I'm going to keep doing what my physio-therapist says but i'm wondering if anyone else has any experience. I'm really getting into shape and I really want to keep this up and have a successful race season next year. Anyone else know of good tips for helping this?


----------



## Solrider (Aug 6, 2009)

dana109 said:


> Anyone else suffer from this. I feel like i'm too young for this crap. I'm only 29. I actually really inflammed by IT Band on an epic backpacking trip which included two >5km downhill switchback sections. Then I did a 24 hour race (team not solo but still by the third lap my knee was done) and that made it worse. I've continued training pretty hard and thought I could work through it (dumb I know). At first I had to stop at 28km, and then i could only get 25km, then 20 monday night i have to stop after only 16km of riding. I couldn't go anymore.
> 
> I just went to a physio therapist who said it's IT Band Friction Syndrome. I'm not allowed to ride my bike for at least a week and probably 2 weeks (which sucks because I'm a Mountain Bike addict). She gave me some stretches to do, which include standing and crossing my legs and then reaching down and twisting away from the back leg (so it's my left knee and I put my left leg behind my right and touch my toes and twist to the right). I have to do this 5 times for 30 second holds with a a minute rest between and do those sets 3 times a day (morning, noon, evening). They hurt like hell. I hope they work.
> 
> I'm going to keep doing what my physio-therapist says but i'm wondering if anyone else has any experience. I'm really getting into shape and I really want to keep this up and have a successful race season next year. Anyone else know of good tips for helping this?

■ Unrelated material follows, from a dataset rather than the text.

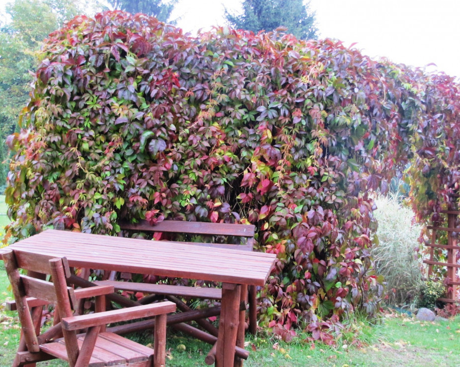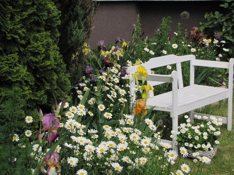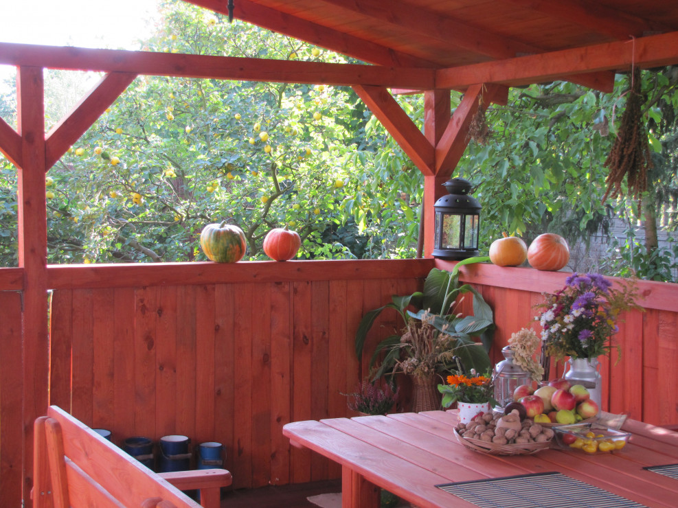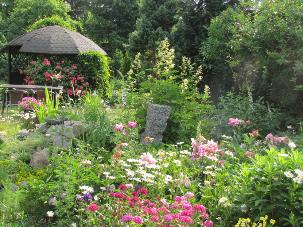 Nasz ogród to nasz drugi dom, dlatego nie może w nim zabraknąć letnich pokoi, wygodnych kącików wypoczynkowych. Jest ich w naszym ogrodzie kilka. W zależności od miesiąca, aury, temperatury, pory dnia, a nawet godziny wybieramy miejsca gdzie czujemy się najlepiej. W marcu gdy jest jeszcze chłodno i dżdżysto, pierwszą kawę na świeżym powietrzu wypijamy na zadaszonym tarasie w otoczeniu ziół i iglaków. Pierwsze promienie wiosennego słońca łapiemy w najbardziej nasłonecznionym miejscu w ogrodzie, w otoczeniu tulipanów, niezapominajek, margaretek, maków, orlików, irysów , serduszek, konwalii, kokoryczki, bergeni, firletek i bzów. Do tego służą też przenośne ławeczki, które lubię ustawić wśród kwiatów w zależności od pory ich kwitnienia. Wszystkie najważniejsze uroczystości rodzinne, przyjęcia urodzinowe, imieninowe itp. odbywają się w naszym „letnim domu”. Dlatego też nie mogło zabraknąć miejsca , w którym przeszkodziłby nam deszcz. Solidna drewniana altanka, obrośnięta winobluszczem, kokornakiem wielkolistnym i różą pnącą nie raz już stała się niezawodna, gdy kapryśna aura nie dopisała. Ale z czasem okazała się niewystarczająca, dlatego od tego roku centralne miejsce wypoczynku stanowi duża, przestronna altana z drewnianą podłogą i solidnymi drewnianymi meblami. W altance znajduje się też aneks kuchenny i wszystkie potrzebne naczynia i przybory, więc bez ograniczeń można w niej wypoczywać przez większą część dnia.

I'm a massage therapist and I can say first off that the stretches will help, so keep doing them! There are lots of people out there with tight IT bands, and the more athletic you are the more likely you are to have it at some point, so age doesn't matter much.

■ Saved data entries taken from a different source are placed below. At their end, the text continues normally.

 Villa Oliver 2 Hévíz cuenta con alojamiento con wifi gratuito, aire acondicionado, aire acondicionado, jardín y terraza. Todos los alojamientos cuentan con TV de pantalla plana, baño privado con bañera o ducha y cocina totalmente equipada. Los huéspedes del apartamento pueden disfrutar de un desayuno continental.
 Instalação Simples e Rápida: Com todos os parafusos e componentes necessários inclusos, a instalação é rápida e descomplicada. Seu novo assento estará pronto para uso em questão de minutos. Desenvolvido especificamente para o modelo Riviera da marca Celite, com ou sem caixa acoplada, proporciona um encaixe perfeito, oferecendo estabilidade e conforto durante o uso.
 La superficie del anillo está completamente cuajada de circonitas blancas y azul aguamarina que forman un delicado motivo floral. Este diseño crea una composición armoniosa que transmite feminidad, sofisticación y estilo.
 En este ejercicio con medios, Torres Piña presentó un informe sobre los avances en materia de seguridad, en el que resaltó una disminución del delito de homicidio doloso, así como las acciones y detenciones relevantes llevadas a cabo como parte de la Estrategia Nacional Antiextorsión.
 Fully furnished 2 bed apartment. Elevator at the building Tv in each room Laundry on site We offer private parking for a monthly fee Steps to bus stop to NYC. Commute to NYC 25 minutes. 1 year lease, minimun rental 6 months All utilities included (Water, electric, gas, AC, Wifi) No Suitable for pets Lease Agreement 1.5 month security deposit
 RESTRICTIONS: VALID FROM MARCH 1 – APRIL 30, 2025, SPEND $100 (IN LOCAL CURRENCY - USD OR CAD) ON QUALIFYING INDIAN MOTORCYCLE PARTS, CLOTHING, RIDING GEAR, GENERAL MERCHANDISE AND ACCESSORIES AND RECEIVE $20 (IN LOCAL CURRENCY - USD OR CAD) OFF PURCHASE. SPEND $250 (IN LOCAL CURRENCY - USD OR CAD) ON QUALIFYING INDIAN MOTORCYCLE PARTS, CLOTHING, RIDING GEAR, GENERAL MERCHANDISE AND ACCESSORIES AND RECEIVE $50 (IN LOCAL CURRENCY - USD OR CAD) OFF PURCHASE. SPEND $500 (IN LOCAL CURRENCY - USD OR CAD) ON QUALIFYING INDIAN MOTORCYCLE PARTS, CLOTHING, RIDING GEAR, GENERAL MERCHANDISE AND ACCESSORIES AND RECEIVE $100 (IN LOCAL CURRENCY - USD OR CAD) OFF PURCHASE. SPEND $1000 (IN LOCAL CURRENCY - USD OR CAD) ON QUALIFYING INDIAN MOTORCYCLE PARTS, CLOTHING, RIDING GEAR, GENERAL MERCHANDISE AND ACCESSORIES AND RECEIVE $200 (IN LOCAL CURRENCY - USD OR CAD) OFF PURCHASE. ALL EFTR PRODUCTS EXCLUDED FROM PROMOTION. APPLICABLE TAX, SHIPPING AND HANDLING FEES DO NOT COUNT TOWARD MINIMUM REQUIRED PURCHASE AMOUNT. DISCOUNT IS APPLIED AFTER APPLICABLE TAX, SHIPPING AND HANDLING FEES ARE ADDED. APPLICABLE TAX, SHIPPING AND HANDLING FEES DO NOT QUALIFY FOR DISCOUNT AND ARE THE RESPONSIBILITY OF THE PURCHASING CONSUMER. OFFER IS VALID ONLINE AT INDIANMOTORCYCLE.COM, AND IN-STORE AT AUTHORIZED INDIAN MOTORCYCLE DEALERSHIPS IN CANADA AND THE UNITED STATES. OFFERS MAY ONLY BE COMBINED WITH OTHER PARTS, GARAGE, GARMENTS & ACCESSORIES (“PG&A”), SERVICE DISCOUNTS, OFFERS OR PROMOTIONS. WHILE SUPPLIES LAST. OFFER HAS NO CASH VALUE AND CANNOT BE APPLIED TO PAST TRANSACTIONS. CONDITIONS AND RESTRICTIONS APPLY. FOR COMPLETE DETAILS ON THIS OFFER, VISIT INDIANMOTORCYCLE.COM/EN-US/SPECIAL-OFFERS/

If you can, find an LMT in your area who has training in deep tissue/PNF/rehab-type massage. They should know how to work your IT and everything it attaches to, plus be able to stretch you as well. Unfortunately this training is few and far between it seems, with all the cheesy massage schools pumping out 'fluff' massage practitioners, but they are out there.

Also some ultrasound might help, do they do that at your PT's office?


----------



## dana109 (Jul 15, 2008)

My PT did ultrasound and interference (some machine that shocked me and actually felt pretty cool).


----------



## Solrider (Aug 6, 2009)

dana109 said:


> My PT did ultrasound and interference (some machine that shocked me and actually felt pretty cool).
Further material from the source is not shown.